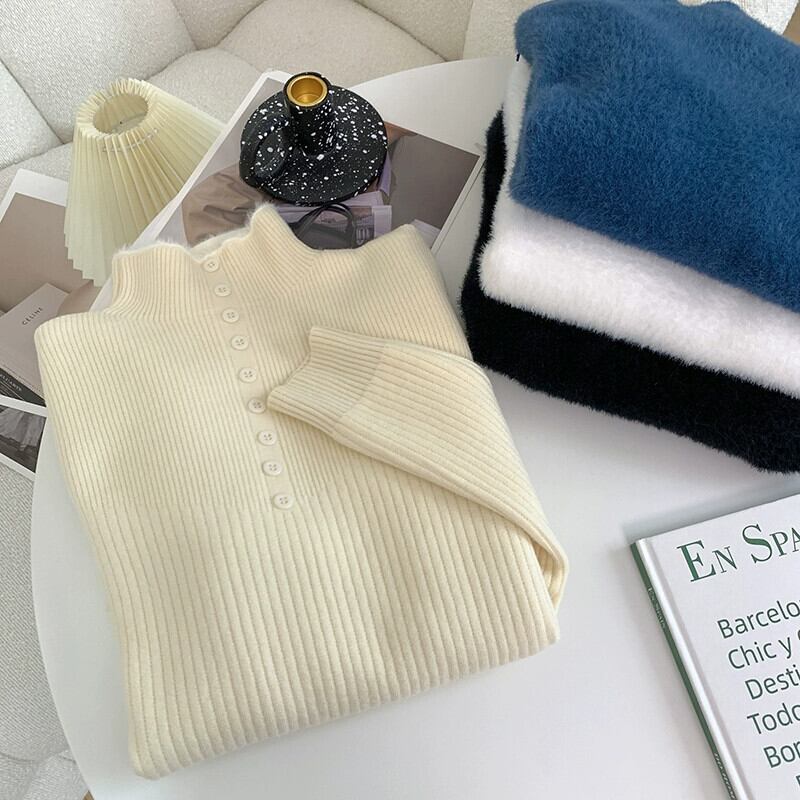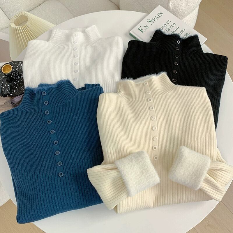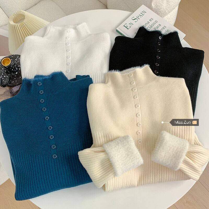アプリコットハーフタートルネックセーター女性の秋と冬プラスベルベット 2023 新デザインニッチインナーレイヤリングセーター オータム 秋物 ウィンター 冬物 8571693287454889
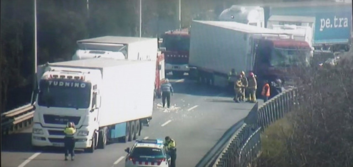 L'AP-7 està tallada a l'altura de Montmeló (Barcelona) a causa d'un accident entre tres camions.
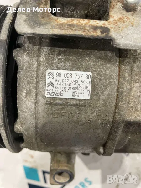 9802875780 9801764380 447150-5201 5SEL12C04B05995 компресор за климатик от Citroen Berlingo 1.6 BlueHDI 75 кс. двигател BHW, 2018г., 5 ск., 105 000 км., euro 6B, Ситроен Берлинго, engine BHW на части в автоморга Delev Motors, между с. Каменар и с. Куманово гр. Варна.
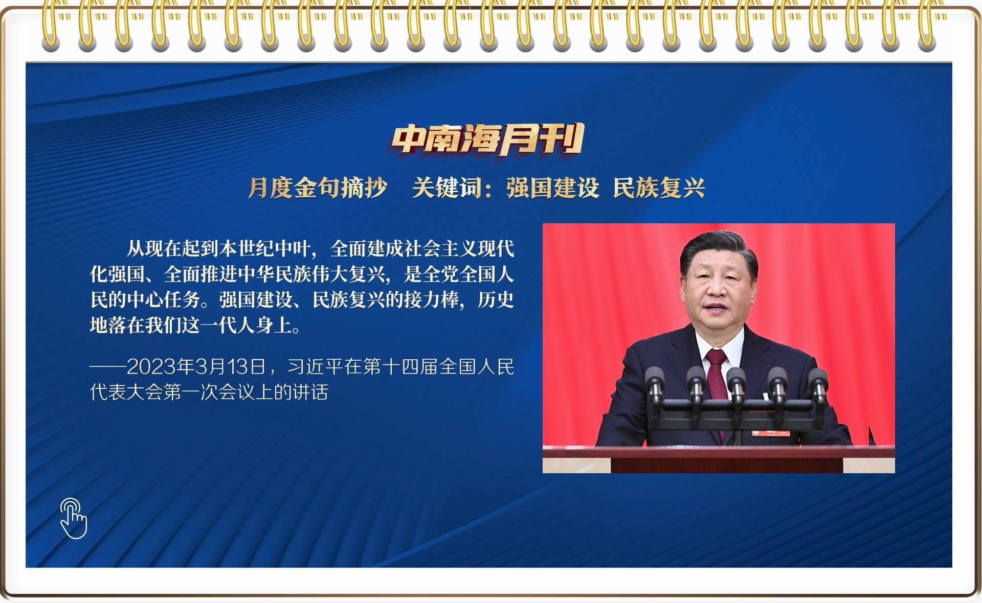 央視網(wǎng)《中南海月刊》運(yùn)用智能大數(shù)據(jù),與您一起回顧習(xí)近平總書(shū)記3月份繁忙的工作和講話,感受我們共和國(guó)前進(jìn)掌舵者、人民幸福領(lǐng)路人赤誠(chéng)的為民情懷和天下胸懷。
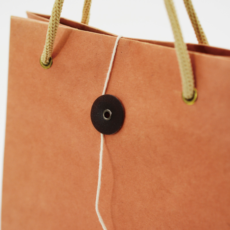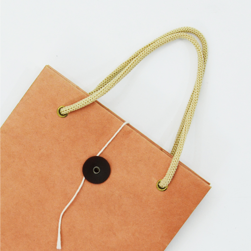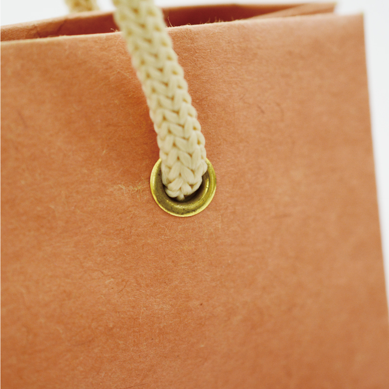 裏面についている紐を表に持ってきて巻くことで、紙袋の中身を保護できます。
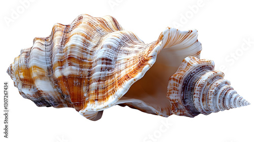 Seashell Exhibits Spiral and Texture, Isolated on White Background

■ **Work order**
Restate every line of the data above word for word, with the images removed.

■ **Finished exercise**
アプリコットハーフタートルネックセーター女性の秋と冬プラスベルベット 2023 新デザインニッチインナーレイヤリングセーター オータム 秋物 ウィンター 冬物 8571693287454889
 L'AP-7 està tallada a l'altura de Montmeló (Barcelona) a causa d'un accident entre tres camions.
 9802875780 9801764380 447150-5201 5SEL12C04B05995 компресор за климатик от Citroen Berlingo 1.6 BlueHDI 75 кс. двигател BHW, 2018г., 5 ск., 105 000 км., euro 6B, Ситроен Берлинго, engine BHW на части в автоморга Delev Motors, между с. Каменар и с. Куманово гр. Варна.
 央視網(wǎng)《中南海月刊》運(yùn)用智能大數(shù)據(jù),與您一起回顧習(xí)近平總書(shū)記3月份繁忙的工作和講話,感受我們共和國(guó)前進(jìn)掌舵者、人民幸福領(lǐng)路人赤誠(chéng)的為民情懷和天下胸懷。
 裏面についている紐を表に持ってきて巻くことで、紙袋の中身を保護できます。
 Seashell Exhibits Spiral and Texture, Isolated on White Background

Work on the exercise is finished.